Покосившаяся дверь в гараж была открыта настежь. Внутри темноту разгоняли лишь солнечные лучи, проникающие через рассохшиеся доски. Вездесущая золотая пыль мерцала и здесь. Юноша сделал два шага внутрь, рассматривая заваленное всяким хламом пространство. Явно маггловским хламом. Для многого Драко не знал и названий.

Сидящий за столом в углу Артур его не заметил. Он уже который час — день, месяц? — пялился в детали разобранного маггловского радио, но так и не прикоснулся к ним, чтобы вернуть все на свои места. Мысли о таком далеком и, казалось, совсем нереальном прошлом, концентрирующиеся всего на одном истертом клочке пергамента, который уже давно не назовешь письмом, накрыли его черной волной, в которой он грозил утонуть и задохнуться.

«Я всегда буду любить тебя.

Прости за то, что я делаю.

Л.»

Люциус Малфой был его болью, печалью, вдохновением и самым странным и любимым воспоминанием. Он оставался слишком глубоко в душе независимо от собственной жизни или смерти, независимо от двадцати с лишним лет порознь. Всего одно лето, проведенное в свободе ото всех и всего. И десятилетия ненависти друг к другу ничего не изменили.

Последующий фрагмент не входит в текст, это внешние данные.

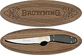 | ✚✚✚ Browning Collectible Woodsman. Browning couteau collectionner Woodsman. taille : 21 cm. Type et les dimensions de la lame : lame lisse 8,9 cm. Matériau de la lame : 440 en acier inoxydable miroir. Gérer le matériel : micarta noir, traversin avec dessin un faggiano doré en acier. Gaine : aucune. Poids : 430 g. Autres : idéal pour un cadeau de collection avec boîte en bois

Он любил его. Любил этот безумный кошмар наяву с его чокнутыми идеями и чумными планами, зная, что искривленные в холодной усмешке губы умеют искренне улыбаться. Зная, что тот умеет смеяться — громко, красиво, заразительно. Зная, что только окончив школу тот был совсем не высокомерной ледышкой. Он прекрасно танцевал, совсем не умел пить, зато от души умел целоваться. Он невероятно сексуально курил, и его губы смотрелись одинаково соблазнительно и на откровенно бабском мундштуке, и на возбужденном члене.

Всего несколько недель как сон, как будто никогда их и не было, стали лучшим воспоминанием в жизни.

Только было ли это воспоминание настоящим он уже не помнил.

— Это же Вы? — раздался над ним голос, заставив вздрогнуть и машинально убрать письмо в карман. Первые секунды в мальчике мерещится совсем другой человек, но осознание быстро приходит, отгоняя прошлое обратно в закоулки сознания. Забинтованная рука была демонстративно поднята, а на бледном исхудавшем лице читалось самое настоящее живое недовольство.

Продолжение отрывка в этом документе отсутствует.